Image: DARPA
DARPA has officially named its next experimental aircraft the X-76, with Bell Textron now building a demonstrator designed to deliver jet-speed cruise performance alongside helicopter-style, runway-free operations.
Bell Textron broke ground on the X-76 following a successful Critical Design Review (CDR), placing the aircraft within the storied lineage of American X-planes. The designation is no accident — coinciding with the United States’ 250th anniversary, X-76 deliberately echoes the revolutionary year of 1776, according to DARPA.
Breaking Aviation’s Oldest Trade-Off
Military planners have long faced a stubborn dilemma. Fixed-wing aircraft deliver speed but demand runways. Helicopters offer go-anywhere flexibility but sacrifice performance. SPRINT aims to eliminate that compromise entirely.
The programme is a joint effort between DARPA and U.S. Special Operations Command. Its target is a platform cruising beyond 400 knots while hovering, deploying from unprepared surfaces, and operating without any runway at all.
That combination would mark a step-change in how special operations forces project power — particularly in contested or austere environments where runways are either unavailable or actively targeted by adversaries.
From Design to Metal
SPRINT entered Phase 2 in May 2025 following DARPA’s downselect to Bell Textron as prime contractor. With the CDR complete, the programme now shifts into manufacturing, integration, assembly, and ground testing of the X-76 demonstrator.

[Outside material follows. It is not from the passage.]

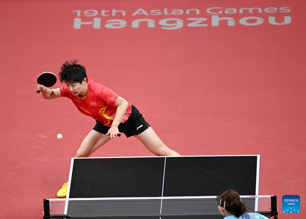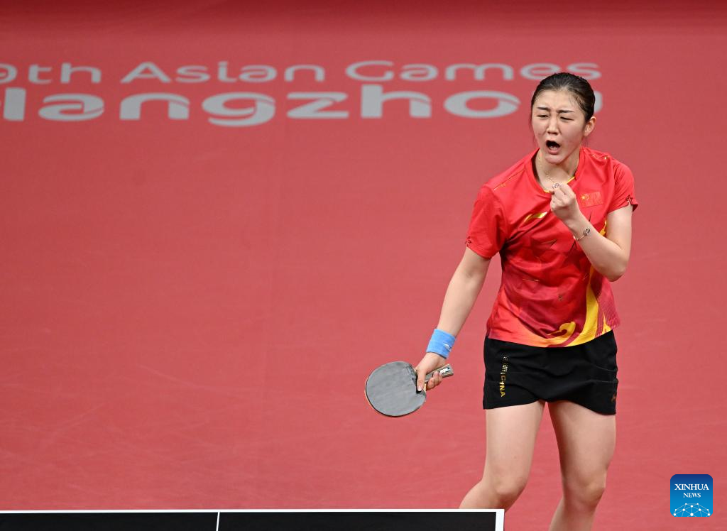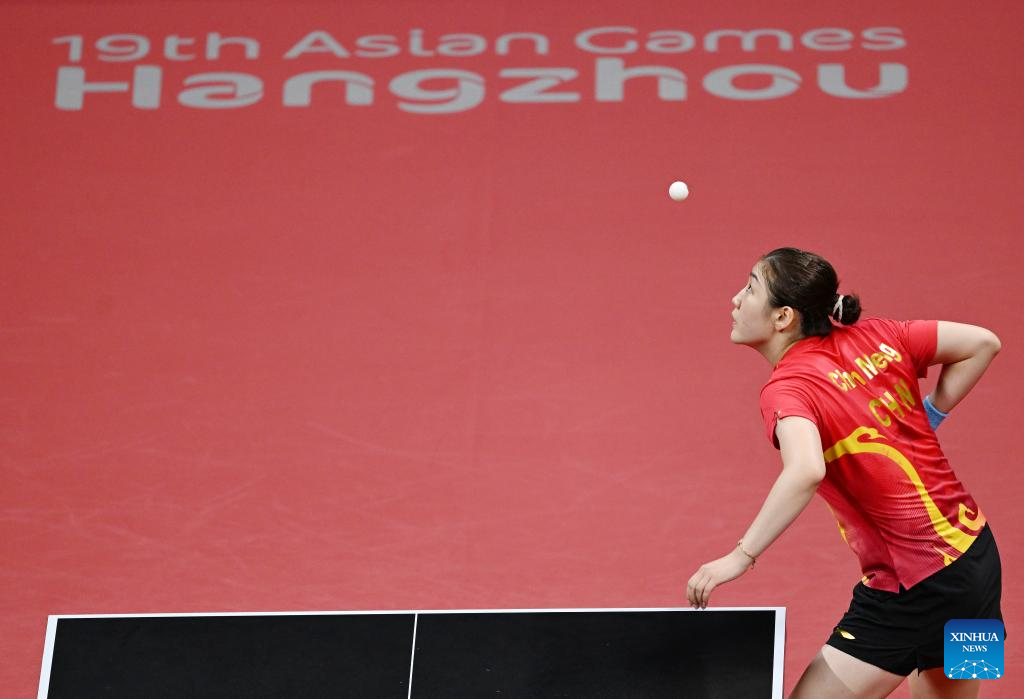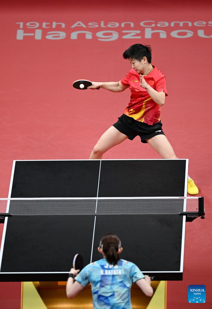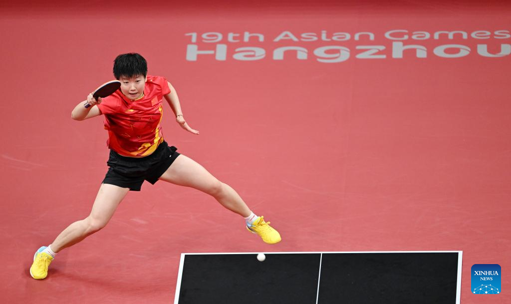 Sun Yingsha of China competes during the women's team finals table tennis match between China and Japan at the 19th Asian Games in Hangzhou, east China's Zhejiang Province, Sept. 26, 2023. (Xinhua/Wang Peng)

Bell brings considerable pedigree to the effort. Its prior work on tiltrotor technology makes it a natural fit for a programme pushing hard at the boundaries of vertical lift.
DARPA SPRINT programme manager Commander Ian Higgins, U.S. Navy, was direct about what the X-76 represents.
“For too long, the runway has been both an enabler and a tether, granting speed but creating a critical vulnerability,” Higgins said. “With SPRINT, we’re not just building an X-plane; we’re building options — the option of surprise, rapid reinforcement, and life-saving speed, anywhere on the globe, without needing any runway.”
The Road to First Flight
Phase 3 flight testing is scheduled for early 2028. That programme will determine whether the X-76 validates its core performance targets and whether the technologies it matures are ready to inform future platforms.
The aircraft joins a lineage of X-planes that shaped modern aviation — from the Bell X-1, which broke the sound barrier in 1947, to later demonstrators probing stealth and hypersonic flight. Not every X-plane reaches production. Their value lies in de-risking emerging technology and shaping what comes next.
For U.S. Special Operations Command, a successful SPRINT demonstrator could unlock new operational concepts — rapid insertion and extraction without fixed infrastructure, expanded reach into denied environments, and reduced dependence on vulnerable forward operating bases.
The X-76 will not be the final product. But what it proves — or disproves — over the skies of a test range in 2028 could define the next generation of military aviation.